EXERCISE INSTRUCTIONS -
What is needed is a verbatim copy of the data, minus the pictures.

THE DATA -
········

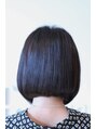 髪型のラインがきれいに出るボブスタイル。前下がりにする事でシャープさを演出。マットでくすみを出しながらも艶感アップ
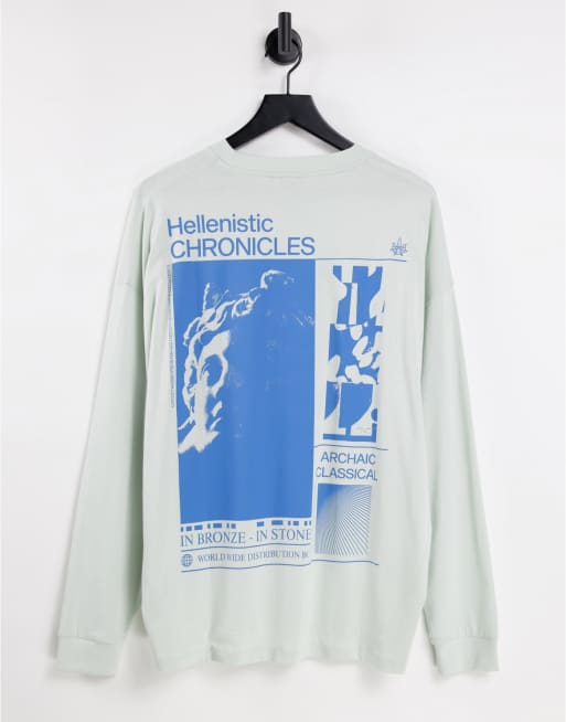 ASOS DESIGN oversized long sleeve t-shirt in off white with statue back print in blue
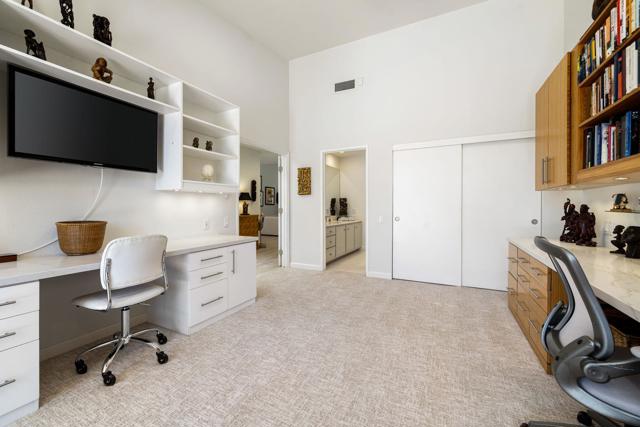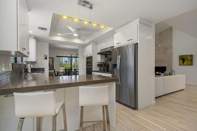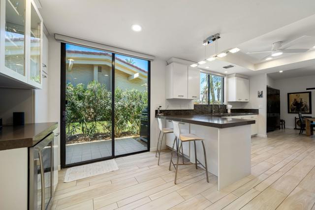 Discover elevated desert living in this beautifully reimagined home at Desert Horizons Country Club, one of Indian Wells' most prestigious communities. Thoughtfully designed for both comfort and sophistication, this 3-bedroom, 3.5-bath residence spans over 3,000 sq. ft. and showcases light-filled interiors with views of the golf course, tranquil lake, and surrounding mountains.A gracious double-door entry opens to a spacious living room with walls of glass that invite the outdoors in. The gourmet kitchen flows seamlessly into a cozy den, creating the perfect setting for everyday living or casual gatherings with family and friends.The expanded primary suite serves as a private retreat, featuring a versatile flex area perfect for a home office or fitness studio, generous walk-in closets with custom built-ins, and a spa-inspired bath. Guests are well cared for in the ensuite guest bedroom with serene courtyard and mountain views, while the second guest room has been transformed into a practical home office with dual workstations and custom cabinetry.Additional upgrades include Italian porcelain tile floors, new bedroom carpeting, a remodeled powder bath, fresh interior paint, updated lighting and fixtures, and significant system improvements such as dual 4-ton AC units, a newer water heater, epoxy-finished garage floors and a leased solar system for enhanced energy efficiency.Residents enjoy the recently completed clubhouse, a desert-modern showpiece offering a full-service restaurant and bar, casual cafe, 8,000 sq. ft. wellness center, pro shop and a courts pavilion with 11 pickleball and 2 tennis courts. Here, resort-caliber amenities meet timeless desert elegance--just minutes from world-class dining, shopping, and events in the heart of Indian Wells. Schedule your private showing today.
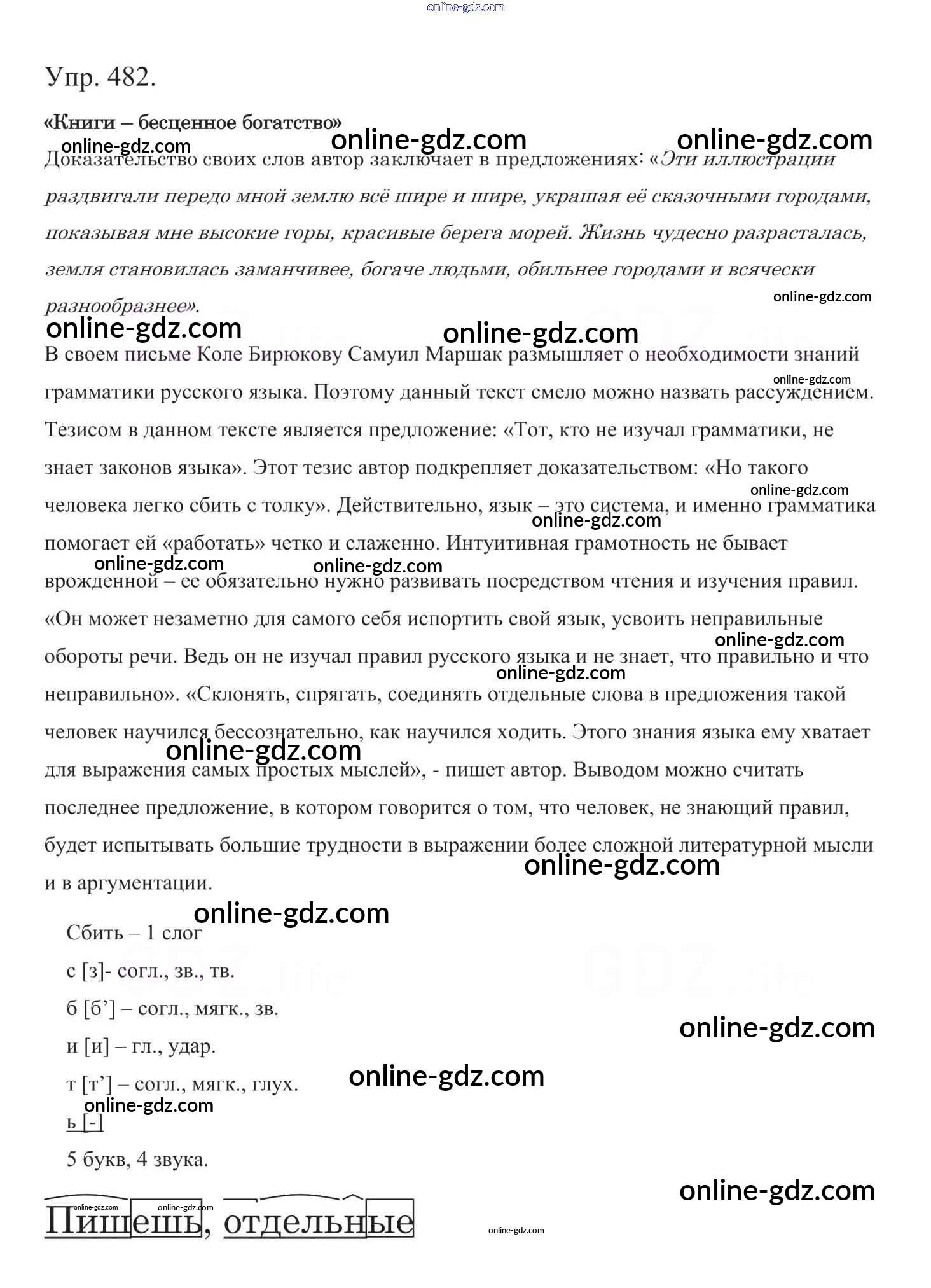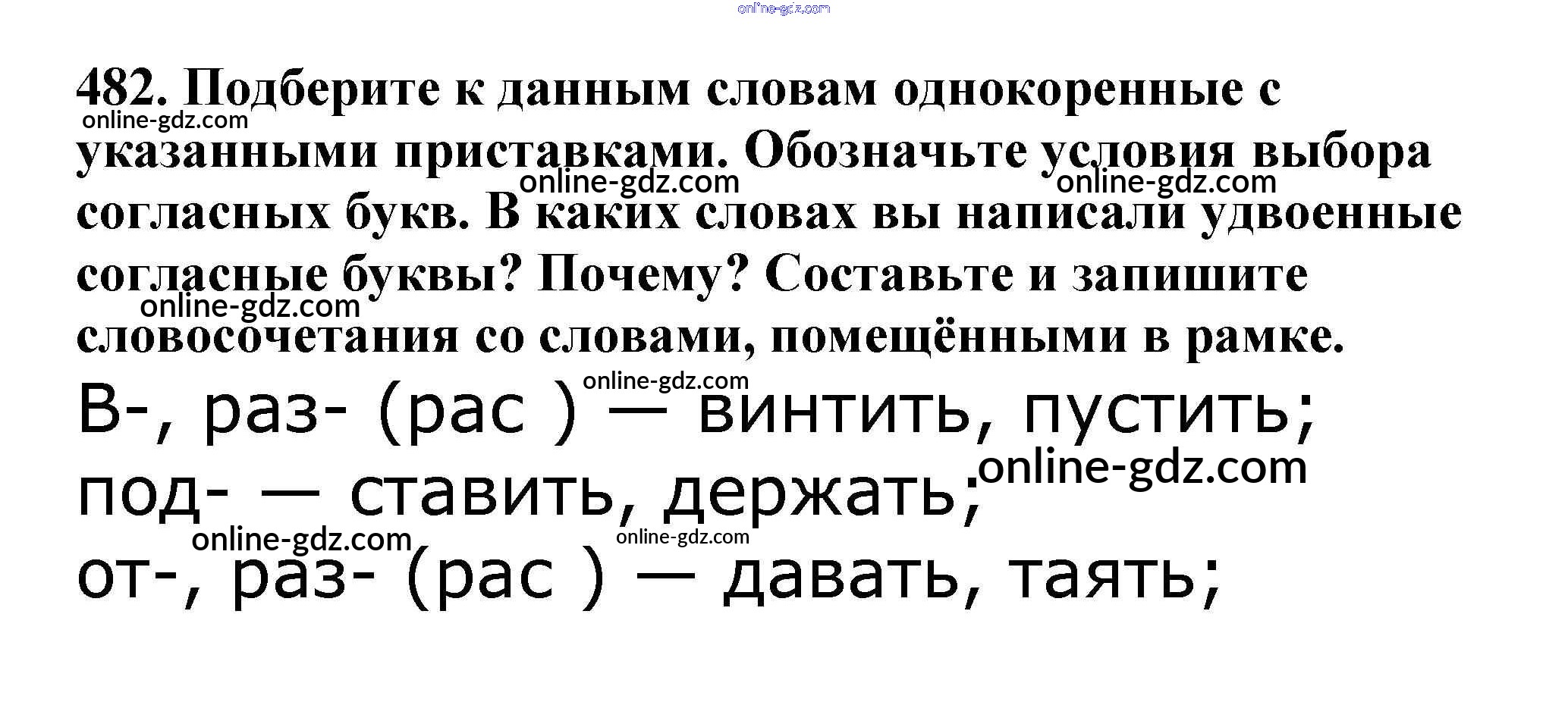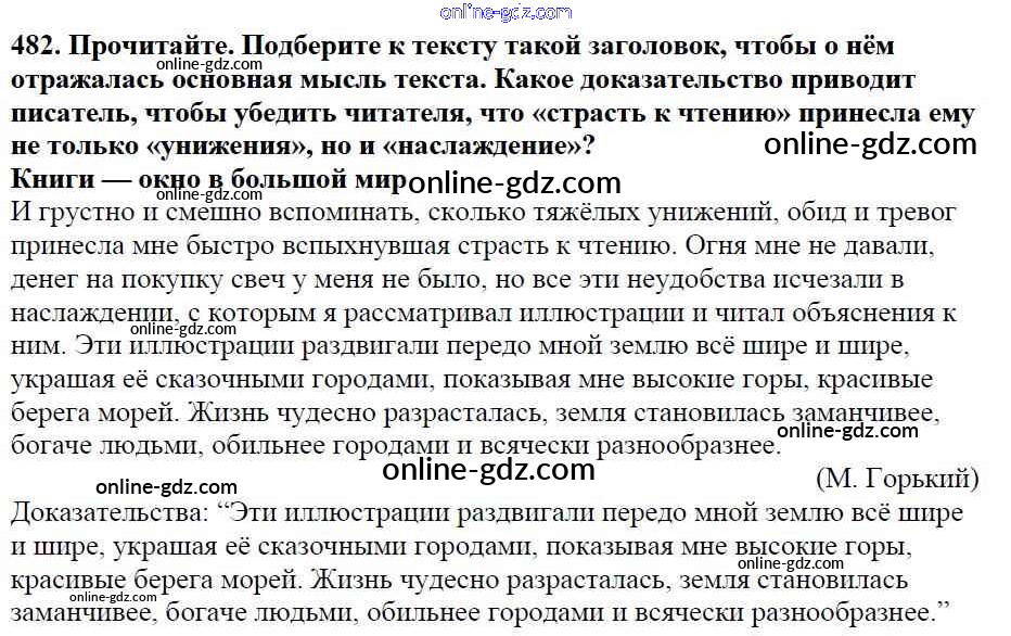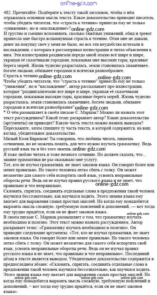 Готовые домашние задания по Русскому языку за 5 класс Учебник Баранов, Ладыженская 2016 - Часть 2. Упражнения 482

········

TASK RESULT -
 髪型のラインがきれいに出るボブスタイル。前下がりにする事でシャープさを演出。マットでくすみを出しながらも艶感アップ
 ASOS DESIGN oversized long sleeve t-shirt in off white with statue back print in blue
 Discover elevated desert living in this beautifully reimagined home at Desert Horizons Country Club, one of Indian Wells' most prestigious communities. Thoughtfully designed for both comfort and sophistication, this 3-bedroom, 3.5-bath residence spans over 3,000 sq. ft. and showcases light-filled interiors with views of the golf course, tranquil lake, and surrounding mountains.A gracious double-door entry opens to a spacious living room with walls of glass that invite the outdoors in. The gourmet kitchen flows seamlessly into a cozy den, creating the perfect setting for everyday living or casual gatherings with family and friends.The expanded primary suite serves as a private retreat, featuring a versatile flex area perfect for a home office or fitness studio, generous walk-in closets with custom built-ins, and a spa-inspired bath. Guests are well cared for in the ensuite guest bedroom with serene courtyard and mountain views, while the second guest room has been transformed into a practical home office with dual workstations and custom cabinetry.Additional upgrades include Italian porcelain tile floors, new bedroom carpeting, a remodeled powder bath, fresh interior paint, updated lighting and fixtures, and significant system improvements such as dual 4-ton AC units, a newer water heater, epoxy-finished garage floors and a leased solar system for enhanced energy efficiency.Residents enjoy the recently completed clubhouse, a desert-modern showpiece offering a full-service restaurant and bar, casual cafe, 8,000 sq. ft. wellness center, pro shop and a courts pavilion with 11 pickleball and 2 tennis courts. Here, resort-caliber amenities meet timeless desert elegance--just minutes from world-class dining, shopping, and events in the heart of Indian Wells. Schedule your private showing today.
 Готовые домашние задания по Русскому языку за 5 класс Учебник Баранов, Ладыженская 2016 - Часть 2. Упражнения 482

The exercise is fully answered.